In the entries below, begin at the line with "歩行摩耗によってキズつき失わ" and stop after the line with "What a joke…as"; output those lines exactly and omit the pictures.

DATA FOR ANALYSIS section start

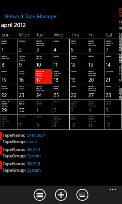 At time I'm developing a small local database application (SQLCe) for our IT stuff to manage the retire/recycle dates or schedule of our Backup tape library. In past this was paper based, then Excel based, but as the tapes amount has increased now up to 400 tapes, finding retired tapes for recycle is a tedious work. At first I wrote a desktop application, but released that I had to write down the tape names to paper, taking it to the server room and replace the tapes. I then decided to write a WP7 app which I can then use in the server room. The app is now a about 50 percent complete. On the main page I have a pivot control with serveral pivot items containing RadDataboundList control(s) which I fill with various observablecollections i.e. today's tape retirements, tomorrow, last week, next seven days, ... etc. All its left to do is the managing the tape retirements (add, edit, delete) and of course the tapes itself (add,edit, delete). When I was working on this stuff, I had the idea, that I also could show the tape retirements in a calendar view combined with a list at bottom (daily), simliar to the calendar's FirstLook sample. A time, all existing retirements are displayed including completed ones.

DATA FOR ANALYSIS section end
DATA FOR ANALYSIS section start

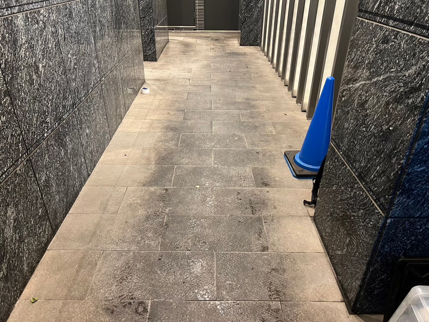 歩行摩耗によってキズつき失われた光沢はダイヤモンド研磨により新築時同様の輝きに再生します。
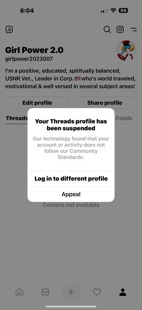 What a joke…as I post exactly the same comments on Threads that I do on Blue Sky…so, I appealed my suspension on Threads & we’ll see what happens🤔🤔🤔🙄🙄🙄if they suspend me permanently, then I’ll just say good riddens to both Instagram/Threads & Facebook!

DATA FOR ANALYSIS section end

RESPONSE:
 歩行摩耗によってキズつき失われた光沢はダイヤモンド研磨により新築時同様の輝きに再生します。
 What a joke…as I post exactly the same comments on Threads that I do on Blue Sky…so, I appealed my suspension on Threads & we’ll see what happens🤔🤔🤔🙄🙄🙄if they suspend me permanently, then I’ll just say good riddens to both Instagram/Threads & Facebook!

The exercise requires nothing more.